31-08-2010.
¿Qué hacer con quienes no se quieren salvar?
Esta es una pregunta que en la actualidad, si se realiza desde sectores religiosos y para la cuestión religiosa, es respondida caritativamente: rezar por ellos. Si estos sectores son menos caritativos y tienen rescoldos de épocas pasadas, nos responderán: obligarlos. Si el remonte de época es brutal, con la tal brutalidad nos responderán también: matarlos.
De forma más general, el dilema surge cuando planteamos hacer cambios o que se admitan y asimilen cambios en las formas de pensar y de actuar de sociedades y colectivos numerosos, en naciones o incluso en zonas geográficas amplias; los cambios que nosotros, los de la llamada “civilización occidental”, queremos introducir y patentar. Que, como son los nuestros y se nos han demostrado, hasta cierto punto, eficaces (a nosotros) propugnamos importar urbi et orbi.
Se importaba religión; ahora se importa un todo de doctrina y creencias sociales y económicas, surgidas de la evolución de la mentalidad del hombre occidental, tras el pase por diversas fases históricas de modo acelerado (si tenemos en cuenta el otro ritmo que las demás civilizaciones y culturas han mantenido). En este empeño estamos: el que enmascara desde luego otras intenciones no tan supuestamente sanas.
Y en la gran encrucijada nos encontramos. Pues decimos: vamos a imponer la democracia en esos países (imponer, no poner ni reponer, pues nunca la tuvieron ‑al menos, de acuerdo con nuestras pautas‑). Impondremos una forma de gobierno y de gobernar más libre y justa. Y nos empeñamos en ello sin mencionar, desde luego, que bajo esta cobertura idealista se encuentran otras finalidades no tan nobles ni tan explícitamente declaradas.

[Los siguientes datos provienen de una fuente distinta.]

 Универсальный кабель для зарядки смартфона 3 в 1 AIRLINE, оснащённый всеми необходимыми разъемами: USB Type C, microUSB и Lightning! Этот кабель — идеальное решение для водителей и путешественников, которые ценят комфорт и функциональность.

Son las mismas que se tenían en tiempos del colonialismo clásico, aunque este no necesitaba coartadas para existir ni imponerse.

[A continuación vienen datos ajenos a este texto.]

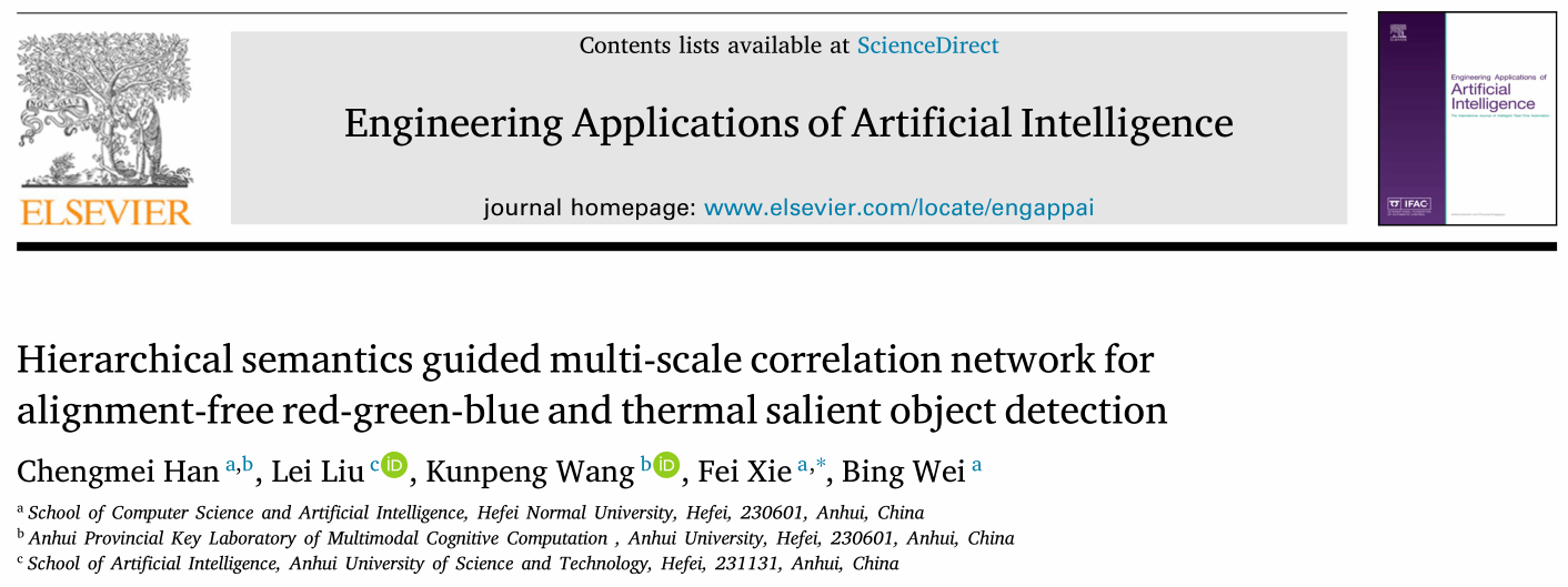 相关成果以题为 “Hierarchical semantics guided multi-scale correlation network for alignment-free red-green-blue and thermal salient object detection”的论文发表在国际知名期刊《Engineering Applications of Artificial Intelligence》上。 该期刊为中国科学院一区TOP期刊。国产成人精品白浆久久69为该论文第一完成单位,计算机与人工智能学院韩成美老师为第一作者。

Pero es que, en gran parte de los territorios en los que pretendemos sembrar nuestras doctrinas, estas les importan un verdadero pimiento. Así de claro: es que no es ni importante ni prioritario el que se les administre una idea alejada de sus vivencias tradicionales y de sus creencias. Su filosofía de vida ni concuerda ni nunca se ajustará a la vida que a nosotros nos ha generado el desarrollo de nuestra filosofía. Y, no teniendo esta, no pueden alcanzar aquella.
Mandamos, incluso, soldados a un enfrentamiento estéril en el que únicamente se generan muertes y odios: más muertes, más odios… Total, ¿para implantar una democracia más abstracta que su mismo nombre?; ¿para erradicar la barbarie a la que, sin embargo, se aferran y respetan?; ¿para cuidar que se cumplan los principios emanados de una Carta de los Derechos Humanos que les sobra, y que ni quienes se los imponen los respetan…?

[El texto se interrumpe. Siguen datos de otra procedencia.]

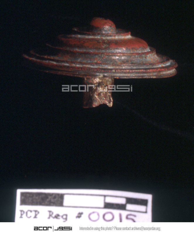 - Cu/Cu alloy pin head(?). Side view. - Sq. C1. Studio. Locus 07/Pail09. Reg PCP# .0015.

Hay que replantearse ya toda la estrategia adoptada hasta ahora al respecto. No estamos en tiempos de imposiciones, cruzadas y conquistas, que solo generan odios y afrentas que estallan irremisiblemente, más temprano ya, que tarde. No propugno yo (¡infeliz!), con esto, una rendición ante nada ni nadie, porque no hay rendición de nuestros principios; sino, simplemente, la sabia decisión de dejar que cada sociedad busque su camino, a su ritmo y a su forma. Y, la nuestra, que siga actuando desde el ejemplo, que es la mejor forma de llegar al convencimiento.
Así que retirarnos de Afganistán es perentorio. Dejarnos de balandronadas es necesario. Exigir respeto y exigírnoslo es vital para darnos credibilidad. No mostrarnos débiles no tiene que ver con lo anterior; no es deshonroso seguir construyendo nuestros idearios, nuestra civilización, haciendo que su influencia crezca por su misma virtud, que es mucha. Imponernos en estos países, en que todo va en contra de nuestra historia, no ha dado nunca resultado (ni en África, ni en Asia, e incluso en partes de América).
Y si hay quienes, por sus meros intereses geoeconómicos, tienen mucho que perder si abandonan, pues que ellos se lo resuelvan en hora buena. ¿Los tenemos nosotros, España…? Dígasenos entonces la cruda verdad.